Many enveloped viruses, such as SARS-CoV-2, also enter the cell through endocytosis. Entry via the endosome guarantees low pH and exposure to proteases which are needed to open the viral capsid and release the genetic material inside. Further, endosomes transport the virus through the cell and ensure that no trace of the virus is left on the surface, which could be a substrate for immune recognition.

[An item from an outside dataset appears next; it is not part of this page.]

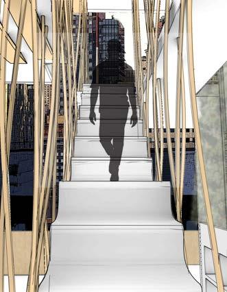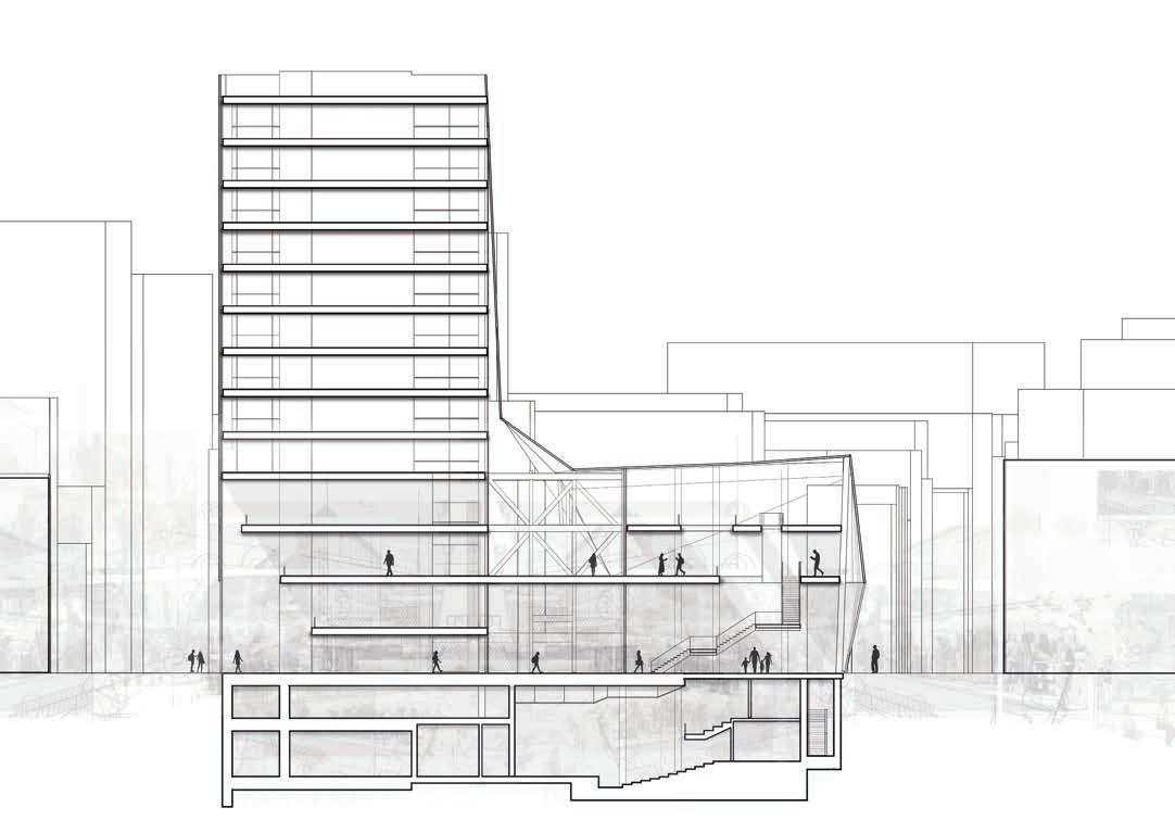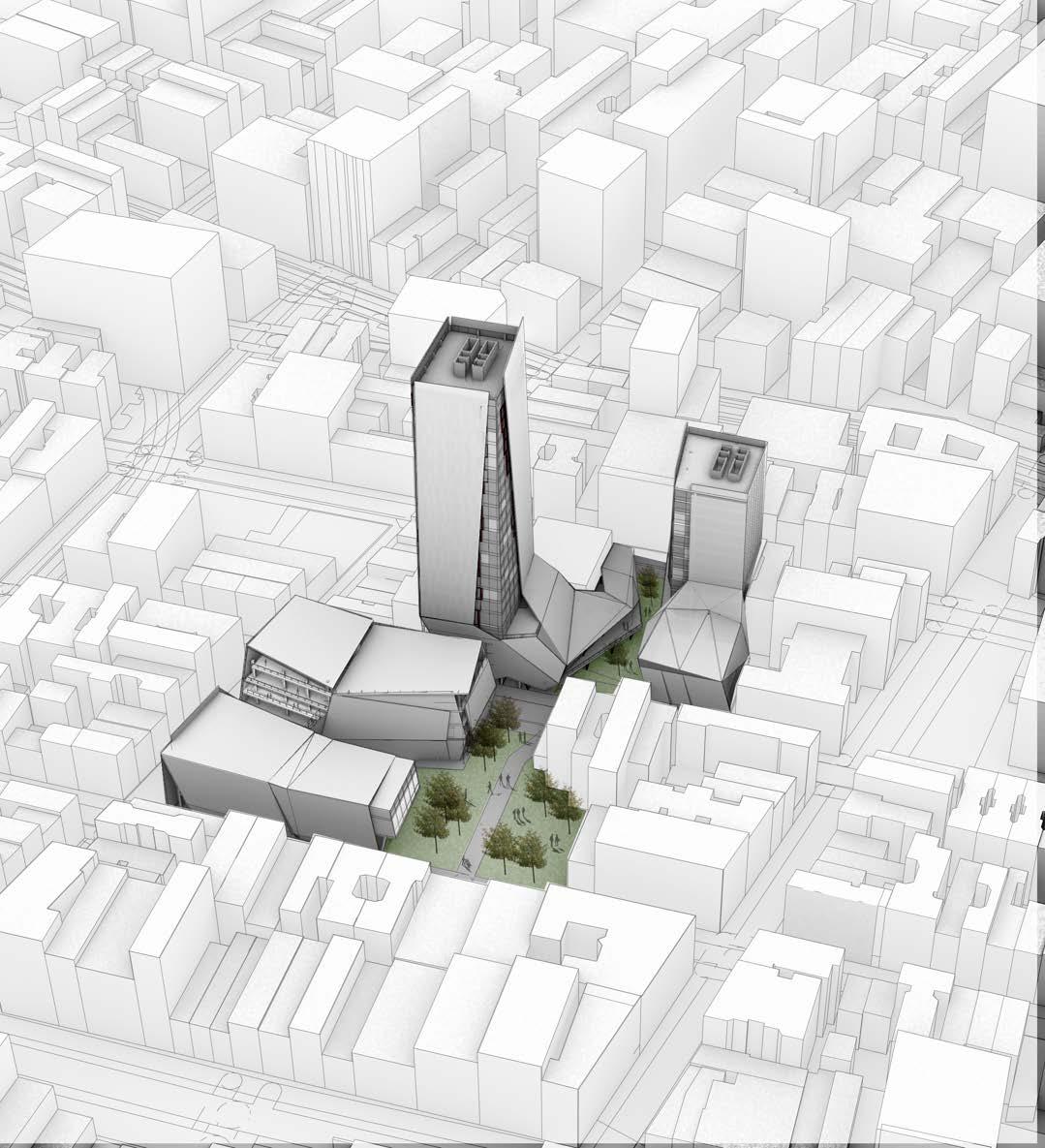The school is strategically located adjacent to the renowned Elizabeth Street Garden, creating a connection between the educational environment and the vibrant outdoor space. This opens directly into the garden, celebrating its presence as a vital community asset and integrating it into the school’s identity. The garden not only provides a serene backdrop but also serves as an inspiring extension of the school, encouraging outdoor learning and interaction with nature. The school’s layout is designed to support a range of academic and cultural activities. The east wing houses a large, performing arts auditorium, which serves as a venue for school productions, concerts, and community events. The remainder of the building is dedicated to classrooms and study spaces, each designed to create an optimal learning environment. The overall design prioritizes functionality and connectivity, creating a balanced educational setting that integrates with the surrounding urban and natural context.

Entry via genetic injection
A third and more specific example, is by simply attaching to the surface of the cell via receptors on the cell, and injecting only its genome into the cell, leaving the rest of the virus on the surface. This is restricted to viruses in which only the genome is required for infection of a cell (for example positive-strand RNA viruses because they can be immediately translated) and further restricted to viruses that actually exhibit this behavior. The best studied example includes the bacteriophages; for example, when the tail fibers of the T2 phage land on a cell, its central sheath pierces the cell membrane and the phage injects DNA from the head capsid directly into the cell.

Aftermath
Once a virus is in a cell, it will activate formation of proteins (either by itself or using the host) to gain full control of the host cell, if it is able to.  Control mechanisms include the suppression of intrinsic cell defenses, suppression of cell signaling and suppression of host cellular transcription and translation.  Often, it is these cytotoxic effects that lead to the death and decline of a cell infected by a virus.

A cell is classified as susceptible to a virus if the virus is able to enter the cell.  After the introduction of the viral particle, unpacking of the contents (viral proteins in the tegument and the viral genome via some form of nucleic acid) occurs as preparation of the next stage of viral infection: viral replication.